Es kommt noch schlimmer: Im selben Raum werden O-Töne aus Jonestown eingespielt, einer Siedlung im südamerikanischen Staat Guyana, in der der ehemalige Methodistenprediger Jim Jones 1978 über 900 Menschen in den Massenmord trieb. „Eltern! Eltern!“, ruft Jones. „Ich fordere euch auf, damit aufzuhören, dass ihr eure Kinder aufregt, wo sie doch nur zur Ruhe gehen. Alles, was sie tun, ist, einen Trunk zu nehmen, der sie einschlafen lässt. … Wir haben keinen Selbstmord begangen. Wir haben einen Akt des revolutionären Selbstmords begangen, in Protest gegen die Bedingungen einer inhumanen Welt.“

Noch nicht genug des Wahnsinns? Und weiter geht’s: Ein Exponat zeigt 1.000 Bücher von Hitlers „Mein Kampf“ auf Arabisch – das Buch ist in arabischen Ländern wegen der judenfeindlichen Aussagen seit Jahren ein Bestseller.
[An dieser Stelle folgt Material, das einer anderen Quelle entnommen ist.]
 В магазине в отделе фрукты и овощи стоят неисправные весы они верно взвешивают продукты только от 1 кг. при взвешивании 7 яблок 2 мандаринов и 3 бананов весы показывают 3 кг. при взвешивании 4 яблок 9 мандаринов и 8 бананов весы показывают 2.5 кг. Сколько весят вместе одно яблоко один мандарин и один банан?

Eine Installation zeigt vier israelische Soldaten – Kommandant, Schütze, Fahrer und Ladeschütze –, die über Krieg und Frieden aus der Sicht von Panzerfahrern berichten. Der Berliner Film- und Theaterregisseur Christoph Schlingensief, der Theaterberserker von der traurigen Gestalt, inszeniert sich selbst im Kampf gegen Krankheit und Tod und hadert mit Gott. Gleich nebenan ist Papst Johannes Paul II. auf Videoaufnahmen kurz vor seinem Tod im Petersdom zu sehen.

Jesus als Werbeikone

Jesus wird als Werbeikone zweckentfremdet: Neben einem McDonald’s-Logo steht „Dies ist mein Leib“, neben dem Coca-Cola-Schriftzug „Dies ist mein Blut“. Das soll Kapitalismuskritik sein. Denn was alle Konsumenten verbinde, sei die Religion, behauptet der Künstler.
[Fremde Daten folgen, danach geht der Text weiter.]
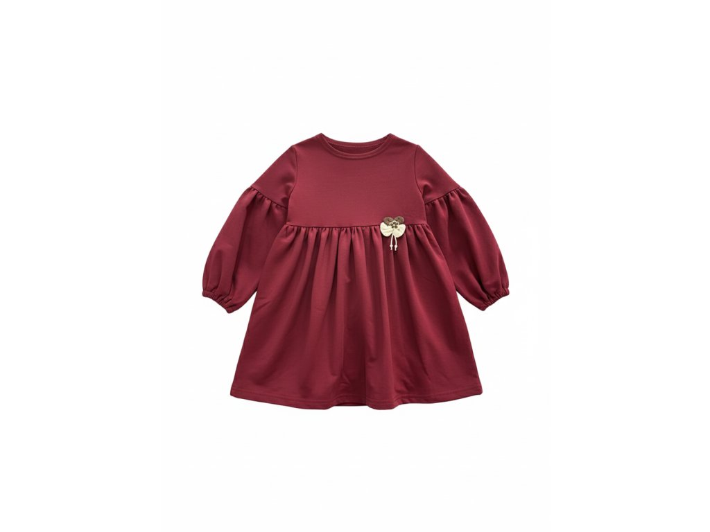🌹 Dievčenské Šaty – Balónové Rukávy a Kvetinový Detail (Bordová)
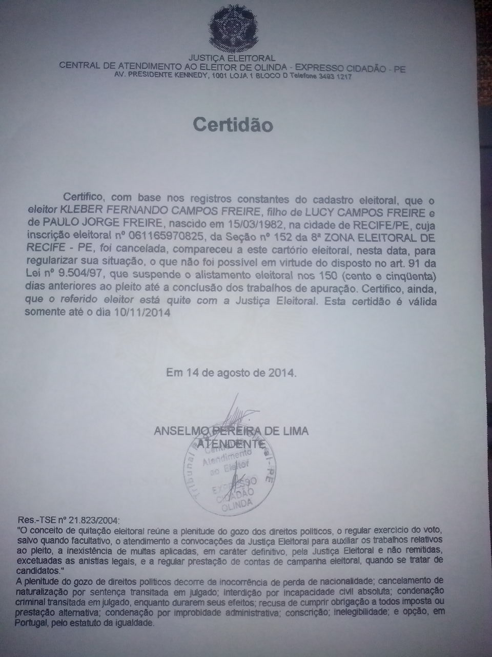 emitido pelo cartório da respectiva zona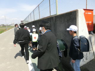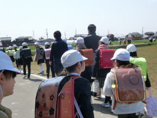 今日は下校引率です。 危険個所を確認しながら 帰ります。 始業式は4月8日です。 元気なみんなに会えることを 楽しみにしています。 |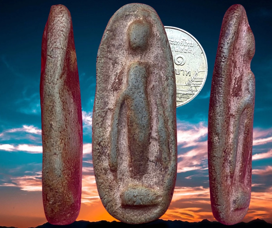 พระยืนปางประทานพรเนื้อดินยุคเเรก “บล็อกนิยม” เศียรพระมีขีด หลวงพ่อกวย วัดโฆสิตาราม ชัยนาท ขนาด 2 x 5 ซม. หลงย้ายท่านไปกำแพงเพชรกว่า 20 ปี วันนี้นิมนต์ท่านกลับมาแล้ว 1,000.- บาทครับ.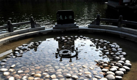 位于百脈泉公園清照園內(nèi),泉池圓形,直徑3米,深0.5米,形若圓盤,泉中池底鋪鵝卵石,泉噴水花色白如玉,噴高可達(dá)數(shù)尺,水落池中如玉石片片,碧水洗白玉,浩純無暇故名白玉泉(漱玉泉),更與墨泉遙相呼應(yīng),一黑一白,一暗一明,共匯繡江。給李清照故里增添了一幅秀麗的畫卷。仰首西望,易安樓琴聲陣陣,海棠軒茗香輕飄,黃花館書畫琳瑯,金石苑古色古香。泉水風(fēng)貌,文化品味融為一體,給清照園增添了耀眼的光彩。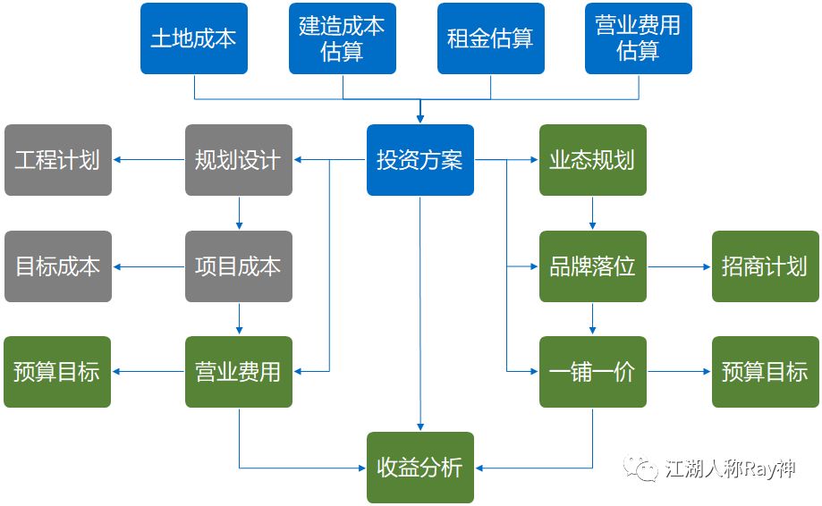 對于這一過程,行業(yè)內(nèi)通常會通過投策定案來進(jìn)行管理,但往往出現(xiàn)的問題就是投策與運營脫節(jié),制定的目標(biāo)無法在運營期落地。因此,問題的關(guān)鍵也就是在解決如何把投資方案與運營方案協(xié)同起來。以購物中心為例,這一協(xié)同就涉及到我們?nèi)绾芜M(jìn)行業(yè)態(tài)規(guī)劃、品牌落位和一鋪一價的制定,進(jìn)而落實到可執(zhí)行的招商計劃和預(yù)算目標(biāo)上。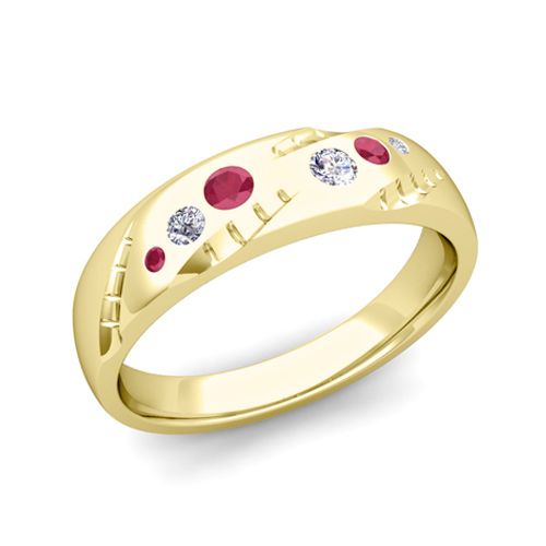 Matching Wedding Ring Set: Flush Set Diamond and Ruby Wedding Band in 14k Gold

Und weil Kunst und Provokation für viele Kreative heute identisch ist, sehen wir an der Wand gegenüber gleich noch einen weiteren Schocker: Drei Kreuze sind dort zu sehen, an denen jeweils eine Dose Sprühkleber mit dem Slogan „No more nails“ („Keine Nägel mehr“) hängt. Auf der nebenstehenden Erklärung heißt es: „Die implizite Hypothese, dass der christliche Heiland auch ohne Nägel, allein mittels Klebstoff hätte gekreuzigt werden können, mutet ebenso grotesk an, wie sie blasphemisch ist.“ Dem ist nichts hinzuzufügen.
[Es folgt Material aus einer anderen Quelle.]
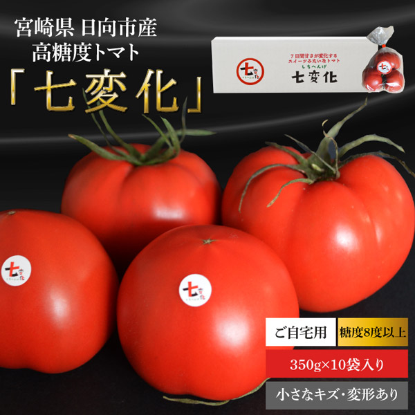 宮崎県 日向市産 高糖度トマト 「七変化」350g×10袋【ご自宅用】【 糖度8度以上】【小さなキズ・変形あり】第4回全国トマト選手権ミディアム部門にて銀賞受賞!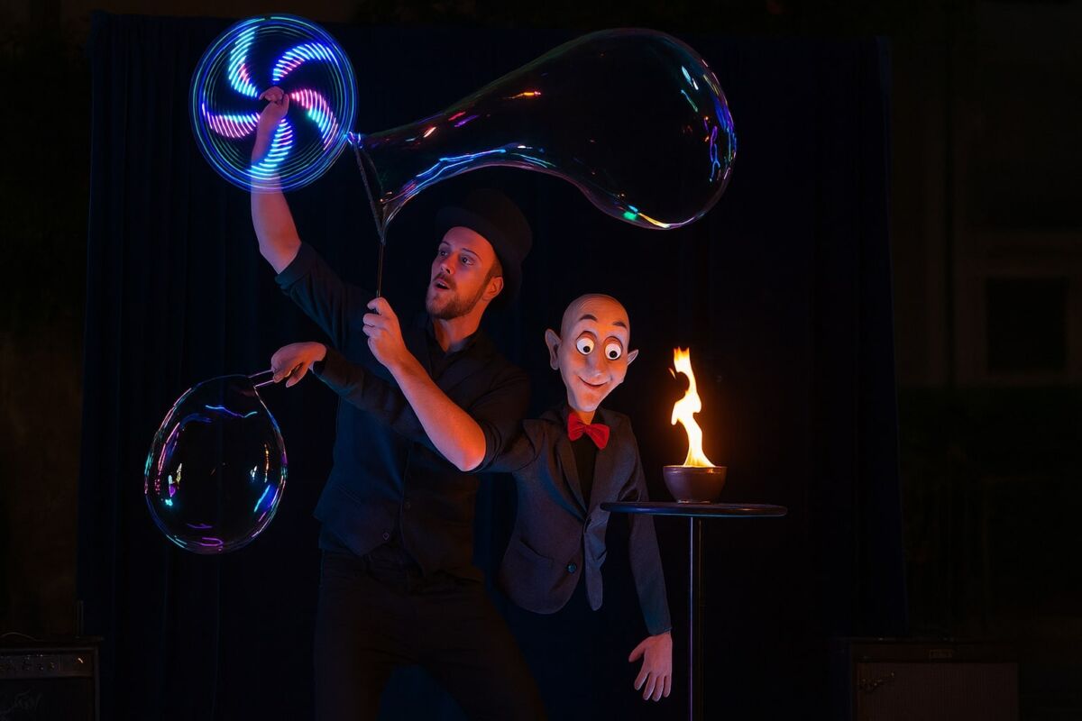 Lo spettacolo di magia con fuoco e led, bolle di sapone e giocoleria è un’esibizione straordinaria che unisce più arti sceniche in un’unica performance coinvolgente e spettacolare. È pensato per stupire, emozionare e far sognare il pubblico di tutte le età, fondendo in modo armonioso magia, fuoco, luci e fantasia.

Aber das ist nur ein vergleichsweise harmloses Spiel mit Ideen. Noch schrecklicher ist das Experiment einer kubanischen Künstlerin: Sie ließ sich künstlich mit dem Sperma eines Toten befruchten und wurde schwanger. Der Versuch am eigenen Körper soll zeigen, wie stark Leben und Tod miteinander verbunden sind, so die Künstlerin. Provokation um der Provokation willen. Auch hier gibt die nebenstehende Erklärung umfassend Auskunft: „Wegen biologischer und erblich bedingter Umstände der Frau kam es zu einem natürlichen Abort mit schweren psychologischen Folgen.“

Alle glauben!

Diese Ausstellung ist ein Irrenhaus, das an fast jeder Ecke nach Tod und Verwesung stinkt. Sie zeigt, wie wir Menschen mit uns selbst ringen und verzweifelt nach Halt und Heil suchen. Und sie zeigt, dass es unmöglich ist, nicht religiös zu sein. Selbst wer nicht glaubt, glaubt! Der Atheist schafft sich dann eben seinen eigenen Gott – verkleidet als Materialismus, Vernunft, Kunst oder als Ich. Alles kann dem Menschen zur Religion werden, alles kann er missbrauchen. Die dunkle Seite der Menschheit wird hier in ihrem ganzen verheerenden Ausmaß vorgestellt.